Exercise directions: Each line of the data below should be restated exactly, with images left out.

Dataset:
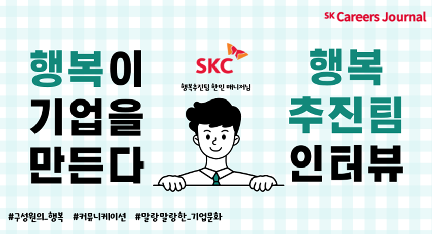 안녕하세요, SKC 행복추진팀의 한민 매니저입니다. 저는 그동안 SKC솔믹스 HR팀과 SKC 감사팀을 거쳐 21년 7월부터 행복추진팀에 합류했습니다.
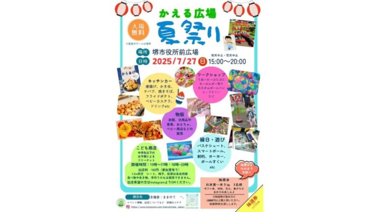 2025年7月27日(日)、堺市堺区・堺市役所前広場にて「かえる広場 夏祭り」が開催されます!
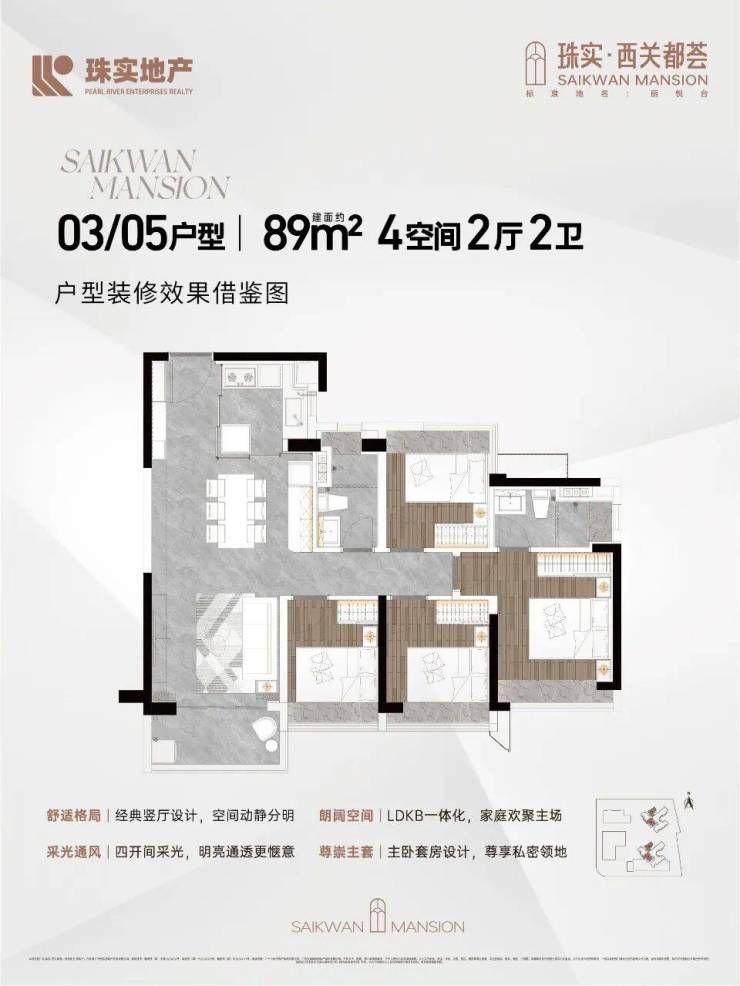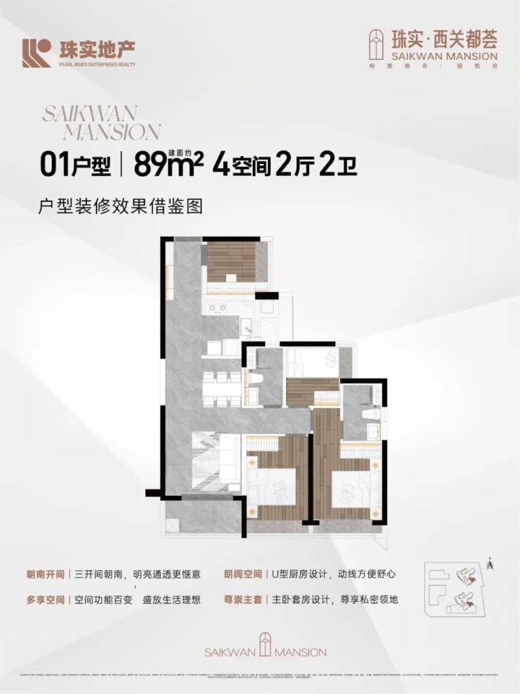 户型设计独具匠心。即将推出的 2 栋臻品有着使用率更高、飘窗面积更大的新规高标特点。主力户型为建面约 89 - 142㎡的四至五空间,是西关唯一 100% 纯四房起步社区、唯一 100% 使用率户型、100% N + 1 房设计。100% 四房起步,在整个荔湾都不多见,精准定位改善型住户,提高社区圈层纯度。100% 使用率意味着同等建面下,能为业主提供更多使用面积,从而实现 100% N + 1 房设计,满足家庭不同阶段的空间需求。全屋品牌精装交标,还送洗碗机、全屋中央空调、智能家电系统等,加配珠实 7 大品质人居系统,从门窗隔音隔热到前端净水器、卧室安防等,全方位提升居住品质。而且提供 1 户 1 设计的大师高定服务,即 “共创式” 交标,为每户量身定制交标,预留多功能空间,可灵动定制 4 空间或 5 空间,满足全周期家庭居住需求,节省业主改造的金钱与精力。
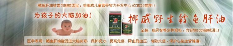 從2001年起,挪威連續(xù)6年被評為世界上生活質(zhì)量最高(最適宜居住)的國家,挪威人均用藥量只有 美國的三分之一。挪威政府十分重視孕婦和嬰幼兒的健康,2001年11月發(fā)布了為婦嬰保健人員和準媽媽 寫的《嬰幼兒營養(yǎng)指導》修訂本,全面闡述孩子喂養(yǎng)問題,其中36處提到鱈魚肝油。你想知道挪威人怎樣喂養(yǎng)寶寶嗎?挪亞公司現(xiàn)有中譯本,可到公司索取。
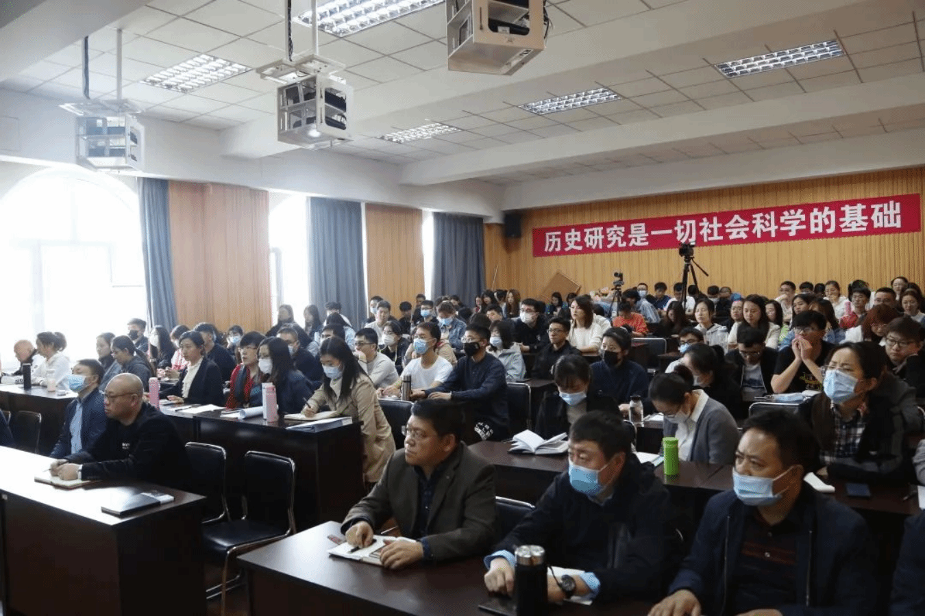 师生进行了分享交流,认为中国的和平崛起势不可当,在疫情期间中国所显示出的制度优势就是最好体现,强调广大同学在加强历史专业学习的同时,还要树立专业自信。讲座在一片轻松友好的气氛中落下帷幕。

Written response:
 안녕하세요, SKC 행복추진팀의 한민 매니저입니다. 저는 그동안 SKC솔믹스 HR팀과 SKC 감사팀을 거쳐 21년 7월부터 행복추진팀에 합류했습니다.
 2025年7月27日(日)、堺市堺区・堺市役所前広場にて「かえる広場 夏祭り」が開催されます!
 户型设计独具匠心。即将推出的 2 栋臻品有着使用率更高、飘窗面积更大的新规高标特点。主力户型为建面约 89 - 142㎡的四至五空间,是西关唯一 100% 纯四房起步社区、唯一 100% 使用率户型、100% N + 1 房设计。100% 四房起步,在整个荔湾都不多见,精准定位改善型住户,提高社区圈层纯度。100% 使用率意味着同等建面下,能为业主提供更多使用面积,从而实现 100% N + 1 房设计,满足家庭不同阶段的空间需求。全屋品牌精装交标,还送洗碗机、全屋中央空调、智能家电系统等,加配珠实 7 大品质人居系统,从门窗隔音隔热到前端净水器、卧室安防等,全方位提升居住品质。而且提供 1 户 1 设计的大师高定服务,即 “共创式” 交标,为每户量身定制交标,预留多功能空间,可灵动定制 4 空间或 5 空间,满足全周期家庭居住需求,节省业主改造的金钱与精力。
 從2001年起,挪威連續(xù)6年被評為世界上生活質(zhì)量最高(最適宜居住)的國家,挪威人均用藥量只有 美國的三分之一。挪威政府十分重視孕婦和嬰幼兒的健康,2001年11月發(fā)布了為婦嬰保健人員和準媽媽 寫的《嬰幼兒營養(yǎng)指導》修訂本,全面闡述孩子喂養(yǎng)問題,其中36處提到鱈魚肝油。你想知道挪威人怎樣喂養(yǎng)寶寶嗎?挪亞公司現(xiàn)有中譯本,可到公司索取。
 师生进行了分享交流,认为中国的和平崛起势不可当,在疫情期间中国所显示出的制度优势就是最好体现,强调广大同学在加强历史专业学习的同时,还要树立专业自信。讲座在一片轻松友好的气氛中落下帷幕。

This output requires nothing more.